Monday, Aug. 19, 1946
Out of the Crib
In Detroit an anniversary went unnoted: the Kaiser-Frazer Corp. was one year old. But no cake and candles were needed to tell established automakers last week that U.S. industry's noisiest postwar baby was about ready to climb out of the crib. Even those who still scoffed at K-F's extravagant promises now looked with respect toward Willow Run.
Partners Henry Kaiser and Joe Frazer had inflated public expectations with a lot of purple publicity. They had indefinitely shelved their "startlingly different" (i.e., front-wheel drive) car. They had fallen flat on one wild production goal after another. Against a March prediction of 11,000 conventional cars by anniversary time, they actually turned out only 144.
But if K-F has worked no miracles, it has made more progress than most critics expected. Willow Run was leased in September, but it was November when they moved in.

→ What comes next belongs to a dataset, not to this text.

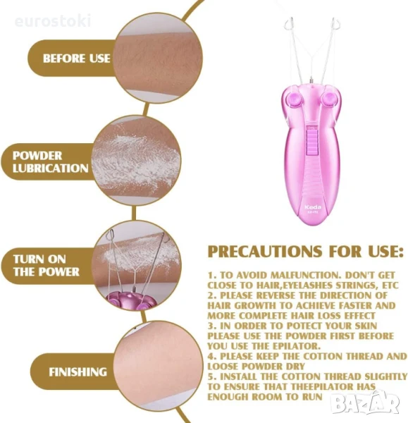 Може да изскубне фините косми от лицето ви, да почисти кожата, да я направи мека и еластична. Позволете си да се насладите на деликатната кожа.

K-F was hampered not only by the same strikes and shortages that have held the motor industry's output down to 25% of schedule, but by difficulties unique to K-F (inability to buy steel, rumors of rifts between the partners).
Yet K-F was able to trundle a pilot model off its 7,954-ft. No. 1 line in May. Last week No. 1 was running under its own power and producing three cars an hour. This snail's pace, said production men, would gradually be stepped up to 60 an hour by October. Meanwhile, the No. 2 line (two more are planned) was already taking shape.
By now K-F has spent a fair chunk of the $53 million raised by two public stock issues. Having survived infancy, it was ready to walk.